> **Exercise requirements**:
From the line containing "部分化學(xué)酸堿液輸送" down to the line containing "Este relógio de", copy out the entries below exactly, both lines included, and nothing else; pictures do not belong in the copy.

(Data supplied Opens)

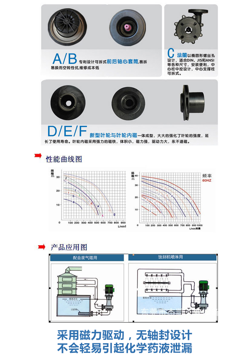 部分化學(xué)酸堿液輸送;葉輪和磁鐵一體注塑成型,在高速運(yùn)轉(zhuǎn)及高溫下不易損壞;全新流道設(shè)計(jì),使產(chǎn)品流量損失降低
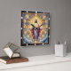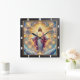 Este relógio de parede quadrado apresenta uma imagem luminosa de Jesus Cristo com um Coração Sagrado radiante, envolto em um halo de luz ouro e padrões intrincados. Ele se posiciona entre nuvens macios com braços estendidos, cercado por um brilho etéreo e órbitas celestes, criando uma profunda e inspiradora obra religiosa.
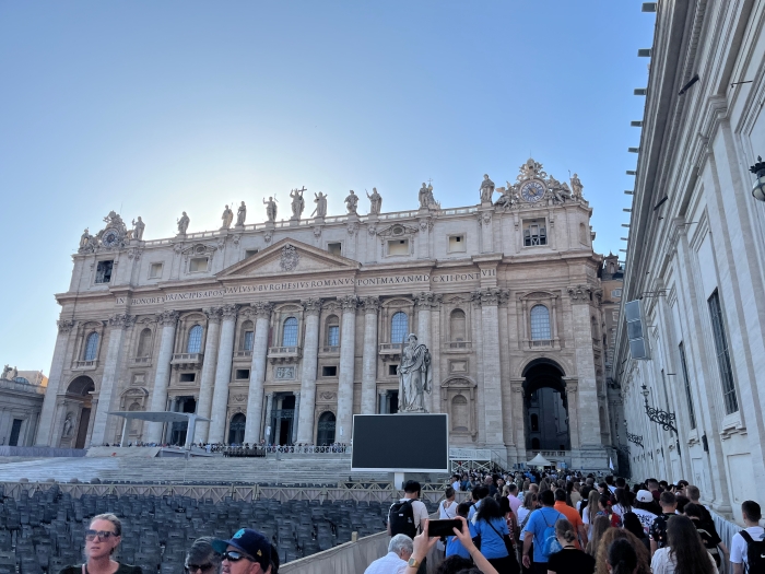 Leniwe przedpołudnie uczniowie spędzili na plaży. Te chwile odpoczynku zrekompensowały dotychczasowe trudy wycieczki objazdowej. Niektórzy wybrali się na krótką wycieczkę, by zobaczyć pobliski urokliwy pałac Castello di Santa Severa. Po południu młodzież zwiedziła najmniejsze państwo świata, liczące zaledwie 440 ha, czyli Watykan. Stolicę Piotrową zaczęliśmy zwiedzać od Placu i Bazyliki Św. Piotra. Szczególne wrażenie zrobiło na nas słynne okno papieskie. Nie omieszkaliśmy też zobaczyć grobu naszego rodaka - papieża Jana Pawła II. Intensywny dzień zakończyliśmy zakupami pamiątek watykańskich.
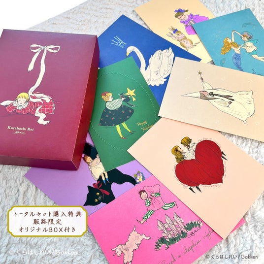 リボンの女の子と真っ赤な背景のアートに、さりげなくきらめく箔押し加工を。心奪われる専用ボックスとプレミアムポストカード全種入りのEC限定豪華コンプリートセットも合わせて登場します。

(Data supplied Closes)
(Data supplied Opens)

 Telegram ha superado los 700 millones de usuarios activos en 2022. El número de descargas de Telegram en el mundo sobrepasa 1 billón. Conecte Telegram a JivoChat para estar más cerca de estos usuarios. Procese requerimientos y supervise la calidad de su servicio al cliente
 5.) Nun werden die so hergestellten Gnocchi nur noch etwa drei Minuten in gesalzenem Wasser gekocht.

(Data supplied Closes)
(Data supplied Opens)

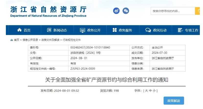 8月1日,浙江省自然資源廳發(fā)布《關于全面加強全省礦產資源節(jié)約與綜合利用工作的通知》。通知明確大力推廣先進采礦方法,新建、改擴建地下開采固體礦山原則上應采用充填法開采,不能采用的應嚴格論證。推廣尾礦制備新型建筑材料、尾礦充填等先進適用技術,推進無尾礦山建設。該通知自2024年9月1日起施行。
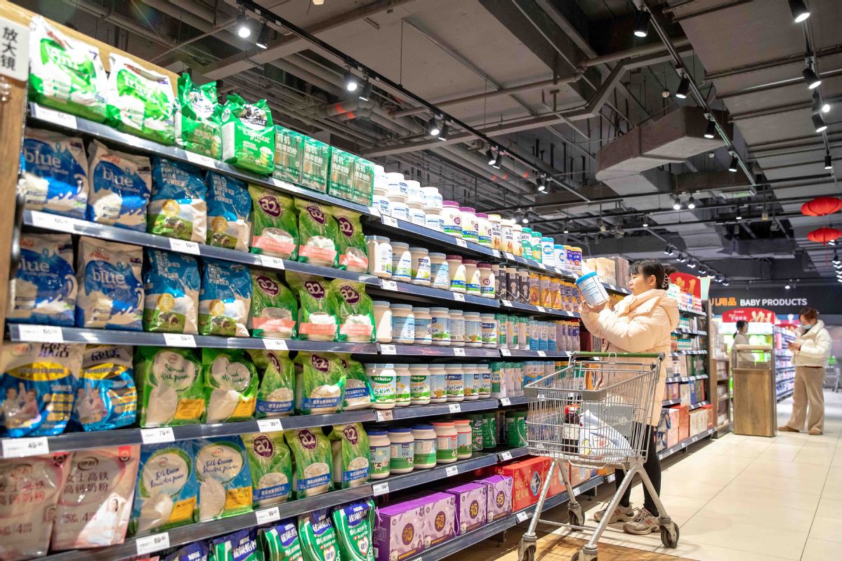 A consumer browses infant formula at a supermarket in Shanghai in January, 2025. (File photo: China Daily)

(Data supplied Closes)

> **Output below**:
 部分化學(xué)酸堿液輸送;葉輪和磁鐵一體注塑成型,在高速運(yùn)轉(zhuǎn)及高溫下不易損壞;全新流道設(shè)計(jì),使產(chǎn)品流量損失降低
 Este relógio de parede quadrado apresenta uma imagem luminosa de Jesus Cristo com um Coração Sagrado radiante, envolto em um halo de luz ouro e padrões intrincados. Ele se posiciona entre nuvens macios com braços estendidos, cercado por um brilho etéreo e órbitas celestes, criando uma profunda e inspiradora obra religiosa.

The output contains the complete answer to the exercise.